───── Stored data ─────

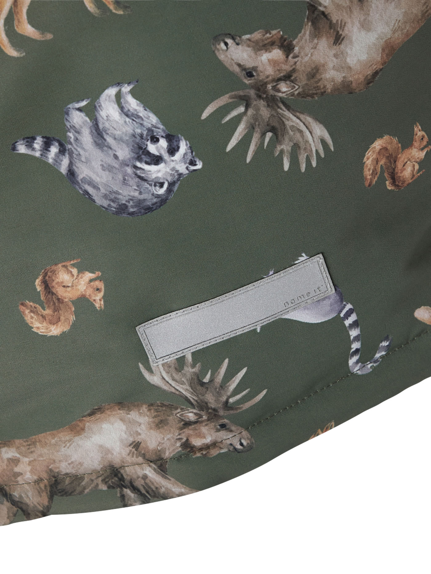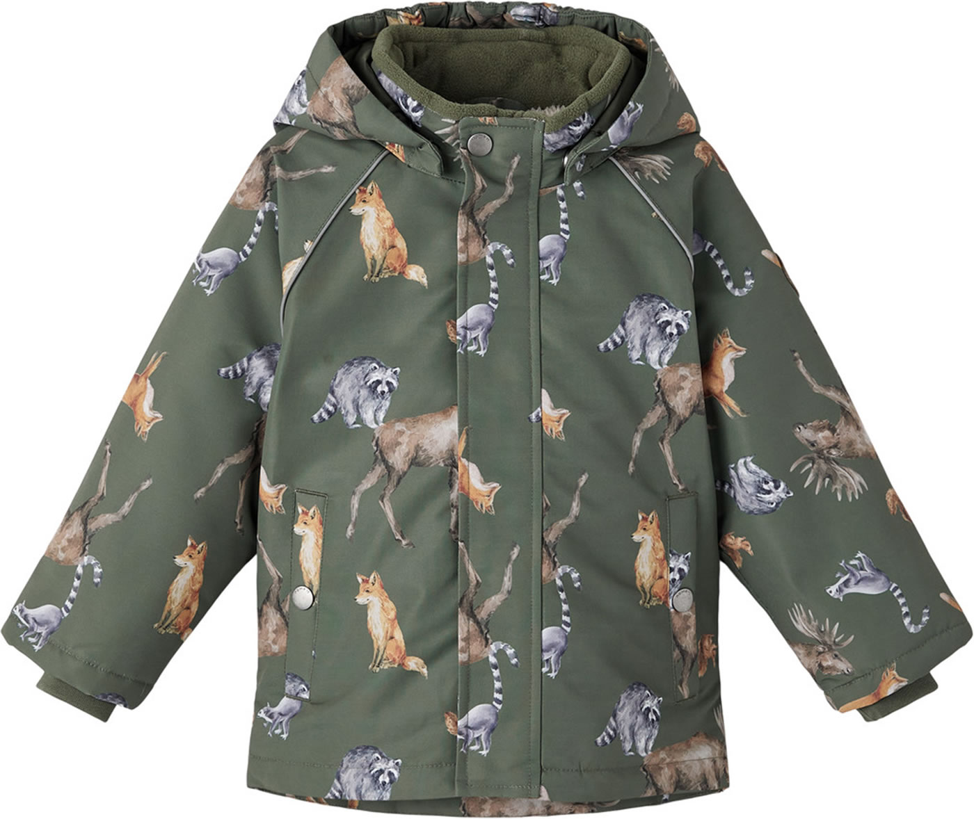 Wattierte Jacke mit Kapuze mit tollem Wildtiermotiv für Jungen von NAME IT. Zwei seitliche Taschen bieten Platz für Kleinigkeiten. Reflektierende Details sorgen für gute Sichtbarkeit an trüben Tagen. Die Kapuze ist abknöpfbar. Am Reißverschluss befindet sich ein Kinnschutz. In den Ärmeln sorgen Ripp-Bündchen für einen guten Sitz. Das Teddyplüsch-Futter an Oberkörper ist besonders kuschelig. Die Bionic-Finish ECO Imprägnierung basiert auf einer fluorfreien Rezeptur und hält die Farbe und das Gewebe länger neu.
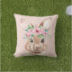 Coussin Bunny D'Aquarelle Rose Pastel Moderne Avec Fleurs
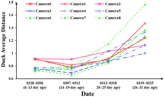 The SFAD data of meat ducks in nine cages were calculated. The results are shown in Figure 7, where each data point represents the SFAD for all meat ducks in the corresponding enclosure over a 6 min recording video.
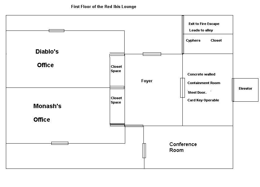 INTERIOR DESCRIPTION Containment Room- Often the first and last thing people see if they are lucky enough to infiltrate the initial securities and gain access upwards in the elevator. Once the elevator doors open the Steel reinforced door is triggered electronically to lock. The elevator doors then close and it descends cutting of retreat. The room itself is concrete walled and featureless. Foyer- Once inside this room you are restored to a sense of being within an office environment. Gray walls and neat furnishings. Other than the steel door there are two other wooden doors, each leading to a different half of the building. Conference Room- This large room too has an officy feel. With a large wooden table and chairs all around it is used mainly for business functions. Cyphers Closet- Is and was for all purposes a janitors closet, however now Cypher has claimed it as his domain and scratched out the janitor sign, replacing it with " Fortress Of Solitude". Diablo's Office- His office is large but doesn't really follow with the theme of the lounge in general. The door is always locked and only diablo has a key to his office. His office is quite large and spacious enough to accommodate a variety of activities. Straight back from the door is his desk which has his phoneline a laptop computer and a high speed internet line along with a variety of other objects and possessions. From his office he can access all of the security cameras through out the entire building. In the back right corner of the room is a small bathroom with shower which can be used for quick clean ups after messy affairs. Also there is a dresser which keeps a modest amount of clothing to allow its owner to change as needed. In keeping with diablo's overly hedonistic desires he had a hottub installed in the front left corner of the office and several thousand dollars worth of electronics ranging from an elaborate stereo system to a big screen tv. He has a leather couch in his office and a futon which can be converted to a bed in a pinch. He has a large leather executive's chair behind his desk and three regular leather chairs in front for business meetings and the like. Monash's Office- Like the rest of the floor Monash's office is done in the same neat but drab style. Having a large wooden desk by the window with leather chairs around. On his desk there is a split screen system which allows him to view the cameras feed throughout the entire establishment. There is also a large bookshelf taking up one of the walls, filled with many books and tombs, some very old and dusty looking. Fire Escape- Simply another closet sized room with a ladder exiting a trapdoor to the roof and another ladder leading from that to the alley.
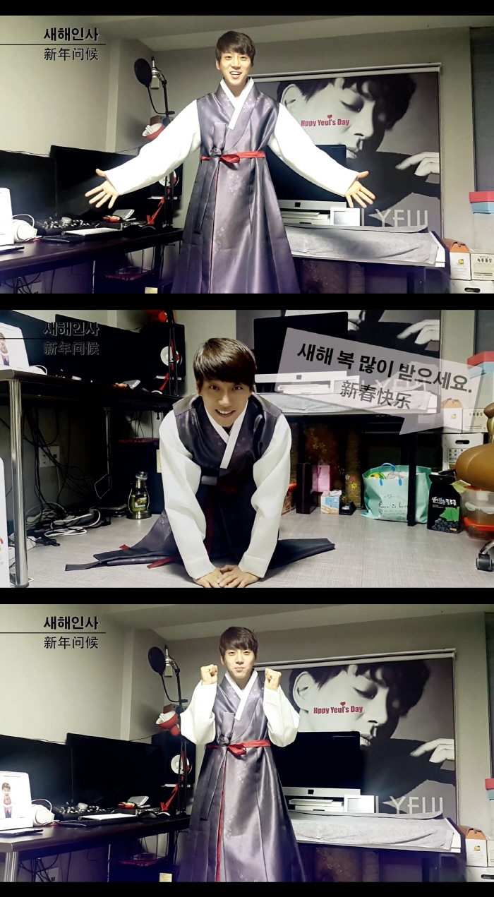 (서울=포커스뉴스) 가수 황치열이 고운 설빔을 입고 팬들에게 세배를 했다.
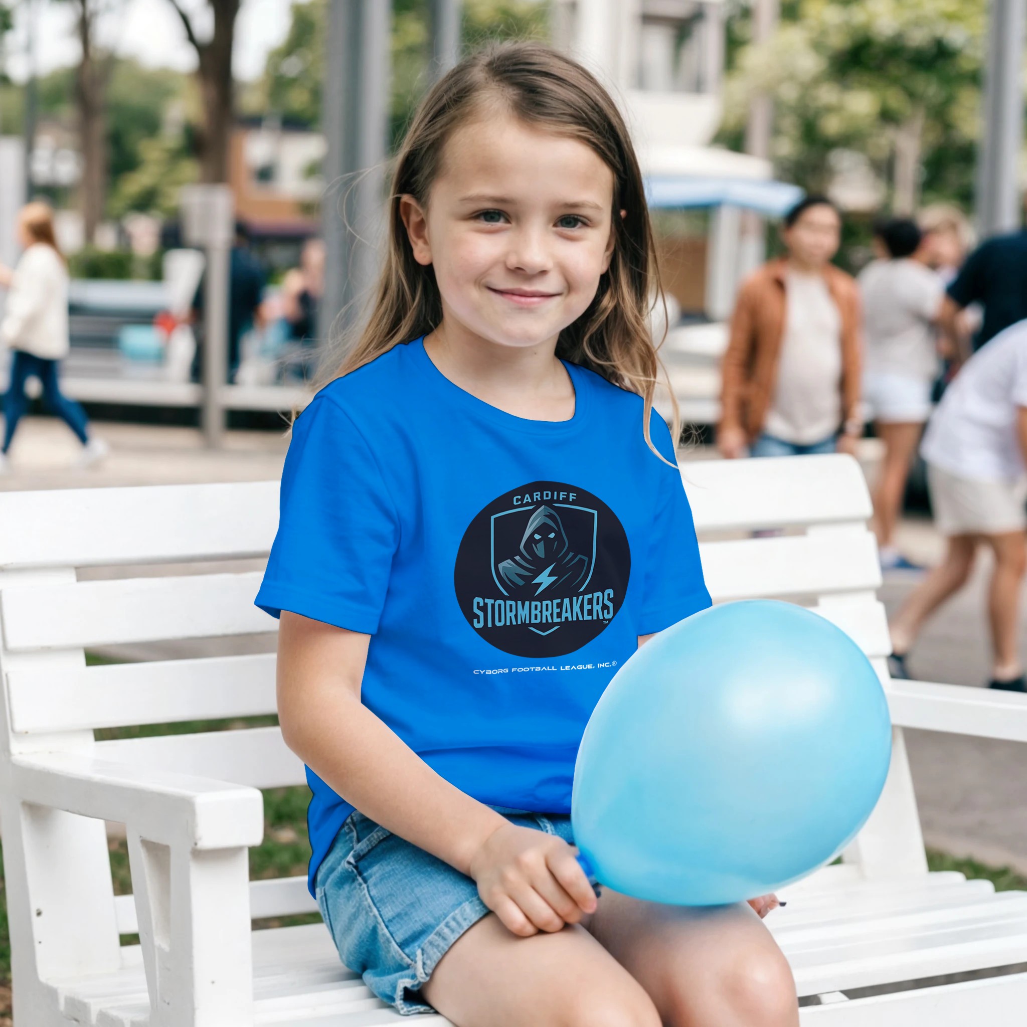 A bold kids tee featuring the Cardiff Stormbreakers™ emblem—built for young fans who play hard, think fast, and rep CyborgFL with pride.
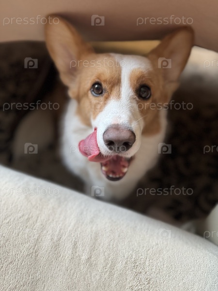 Милый счастливый корги ближайший план, сидящий дома
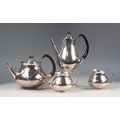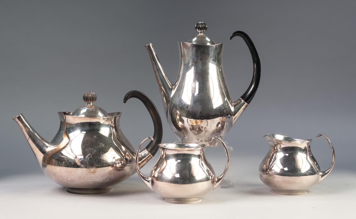 ERIC CLEMENTS FOR ELKINGTON, FOUR PIECE SILVER PLATED TEA SERVICE, of plain baluster form, with open high scroll handles and circular bases, stamped marks and pattern no: W 29945, (4)
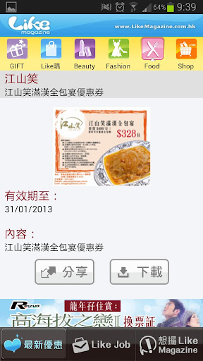 Like Magazine is a free-distributed all rounded entertainment + numerous special offers magazine targets young metropolitans and retail working class. Every issue of Like Magazine feature articles in famous artist interview, fashion and beauty, shopping, dining, travel, latest electronic goods as well as retail industry working tips. It also offers loads of gifts, special offers and f&b coupons to readers.
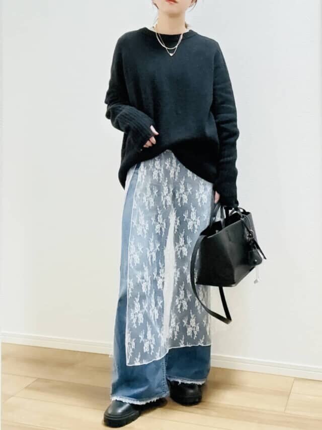 40代は甘さを足すより、引き締め役とセットで使うのが正解。黒ニット×デニムに白レーススカートを一点投入するだけで、繊細さと大人の落ち着きが共存。レザーやスウェットなど辛口アイテムと合わせると、今っぽさがより際立ちます。
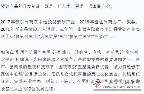 如何让平定紫砂这一产业真正“兴”起来、“强”起来?市两会之后,姜四清书记到平定县专题调研紫砂、砂器产业发展,鼓励平定紫砂产业要主动融入“重塑竞争新优势,倾力打造晋东区域中心城”这一目标定位,让大家在继续做大做强紫砂、砂器产业上有了更多的底气和更足的动力。
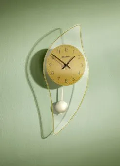 Diese edle Tischuhr wurde aus Holz in toller Form gefertigt. Mit arabischen Ziffern auf dem runden Zifferblatt mit schwarzen Zeigern und goldfarbener Ornamentverzierung in der Mitte.
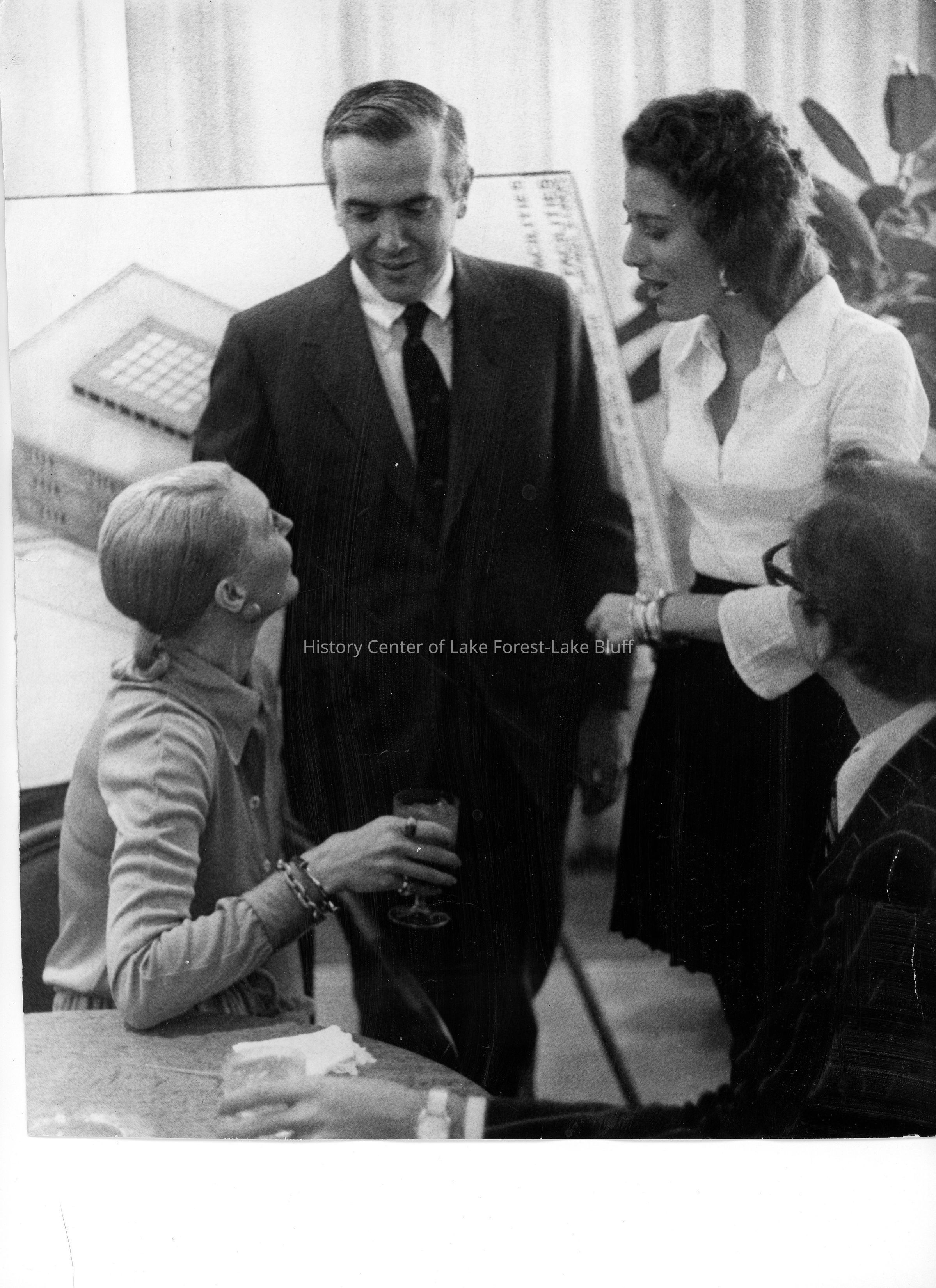 "Plans for the Presbyterian-St. Luke's 47th annual fashion show are discussed by (clockwise from 12 o'clock) Harold Byron Smith Jr., of the executive board of the medical center, Joan Blair, who will model for I. Magnin's, Edward V. Nicholson, general manager and Barbara West, fashion coordinator for Magnin's." Credit: Chicago Daily News.
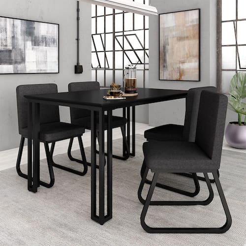 O Conjunto Sala de Jantar Deli possui um design industrial e sofisticado, ideal para dar aquele toque único e aconchegante em seu ambiente!Detalhes Técnicos da Mesa:- Acabamento da Mesa: Pintura Texturizada- Tipo de Pintura: UV Texturizada- Quantidade de Lugares: 04- Estrutura da Mesa: Metálica- Tonalidade da Estrutura da Mesa: Preto Fosco- Material do Tampo: MDF de 25mm- Medida da Mesa Montada: A:76cm | L:136cm | P:90cm- Tonalidade do Tampo: Preto FoscoDetalhes Técnicos das Cadeiras:- Acabamento da Cadeira: Assento e Encosto Estofados- Almofada do Assento: Fixa- Cadeira Estofada: Sim- Peso Suportado da Cadeira: 90KG- Facilidade da Montagem: Média- Tonalidade da estrutura da Cadeira: Preto Fosco- Tonalidade do Tecido: Linho Grafite- Tipo de Pintura: UV Texturizada- Material da Estrutura: Metálica- Medida de cada Cadeira: A:86cm | L:44cm | P:56,5cmConteúdo da Embalagem:- 01 Mesa- 04 Cadeiras- Manual de Montagem- Acessório para MontagemObservações Importantes:- As imagens ambientadas são meramente ilustrativas e podem apresentar itens que não incorporam o produto;- Todos os nossos produtos são novos, acompanham documento fiscal e possuem garantia de 3 meses, essa garantia cobre somente defeitos de fabricação;- A entrega só será efetuada no endereço do CEP, caso o endereço seja diferente do CEP informado no pedido, a entrega terá cobrança adicional e o comprador arcará com as despesas;- Não realizamos entregas para zonas rurais, via caminhos fluviais e distritos, por isso não aceitamos CEP GERAL da região;- Não é possível realizar o agendamento de entrega do produto, é necessário que acompanhe o rastreio de seu pedido para saber a previsão de entrega;- As entregas somente serão realizadas para um responsável maior de idade (+18);- Enviamos para diversos estados, sendo assim nossas entregas são realizadas por transportadoras parceiras de nossa empresa. Confira as dimensões antes da compra e certifique-se de que o produto passará por elevadores, portas e corredores já que nossa entrega não inclui a subida de lances de escada, transporte por elevador e o lançamento de produtos, em caso de condomínios residenciais a entrega é feita somente até a portaria. Todas as entregas são realizadas em dias e horários comerciais;- Ao receber os seus produtos observe se a embalagem se encontra em perfeitas condições. Se você adquiriu algum móvel, confira atentamente a quantidade de volumes e o aspecto físico das embalagens. Confira também se a cor do móvel está de acordo com o seu pedido;- O prazo de cancelamento por arrependimento é de até 7 dias corridos a contar da data de recebimento;- Os produtos e assistências são enviados DESMONTADOS, MONTAGENS E DESMONTAGENS recomendamos sempre a contratação de um montador profissional e é válido lembrar que o custo desses serviços é por conta do comprador;- Objetos decorativos que aparecem na foto não acompanham o produto;- Evitar a exposição direta à luz solar e à umidade;- Para limpeza, limpar com pano macio e seco, não utilizar qualquer outro tipo de produtos químicos;- As cores do produto podem variar de acordo com o monitor, a iluminação do ambiente ou sua percepção visual;
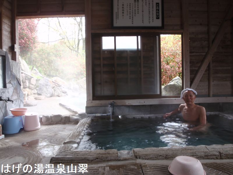 はげの湯温泉は、熊本県阿蘇郡小国町にある温泉です。九重連山のひとつである標高760mの涌蓋山西麓の、のどかな高原状の山地にあり、岳の湯温泉、地獄谷温泉、山川温泉、麻生釣温泉、鈴ケ谷温泉と共に湧いた温泉郷を構成しています。小国町の中では最も高台にある旅館で、山翠は標高750メートルに位置する旅館です。はげの湯温泉の一番高台に位置する「旅館 山翠」は、大人限定の温泉宿で、18種類もある風呂を宿泊者は無料で楽しめます。本館で受付を済ませて坂道を上がっていくと湯屋があり、無料の休憩所の奥にある入口の先に、男女別の内湯と露天風呂、洞窟風呂、家族湯が続きます。そして、宿の敷地内の中で最も高台に位置するのが一番人気の混浴露天風呂「仙人の湯」。はげの湯の湯けむりを一望でき心身ともにリラックスできる「仙人の湯」は、源泉掛け流しの単純硫黄泉で優しい湯触りです。天候や季節によっては雲海を見渡すこともできる知る人ぞ知る絶景露天です。

─────

*Task requirements*.
Taking the entries above, copy word for word the lines from the one with "(서울=포커스뉴스) 가수 황치열이 고운 설빔을 입고 팬들에게 세배를 했다." up to and including the one with "Diese edle Tischuhr", without any picture.

*Response to the exercise*.
 (서울=포커스뉴스) 가수 황치열이 고운 설빔을 입고 팬들에게 세배를 했다.
 A bold kids tee featuring the Cardiff Stormbreakers™ emblem—built for young fans who play hard, think fast, and rep CyborgFL with pride.
 Милый счастливый корги ближайший план, сидящий дома
 ERIC CLEMENTS FOR ELKINGTON, FOUR PIECE SILVER PLATED TEA SERVICE, of plain baluster form, with open high scroll handles and circular bases, stamped marks and pattern no: W 29945, (4)
 Like Magazine is a free-distributed all rounded entertainment + numerous special offers magazine targets young metropolitans and retail working class. Every issue of Like Magazine feature articles in famous artist interview, fashion and beauty, shopping, dining, travel, latest electronic goods as well as retail industry working tips. It also offers loads of gifts, special offers and f&b coupons to readers.
 40代は甘さを足すより、引き締め役とセットで使うのが正解。黒ニット×デニムに白レーススカートを一点投入するだけで、繊細さと大人の落ち着きが共存。レザーやスウェットなど辛口アイテムと合わせると、今っぽさがより際立ちます。
 如何让平定紫砂这一产业真正“兴”起来、“强”起来?市两会之后,姜四清书记到平定县专题调研紫砂、砂器产业发展,鼓励平定紫砂产业要主动融入“重塑竞争新优势,倾力打造晋东区域中心城”这一目标定位,让大家在继续做大做强紫砂、砂器产业上有了更多的底气和更足的动力。
 Diese edle Tischuhr wurde aus Holz in toller Form gefertigt. Mit arabischen Ziffern auf dem runden Zifferblatt mit schwarzen Zeigern und goldfarbener Ornamentverzierung in der Mitte.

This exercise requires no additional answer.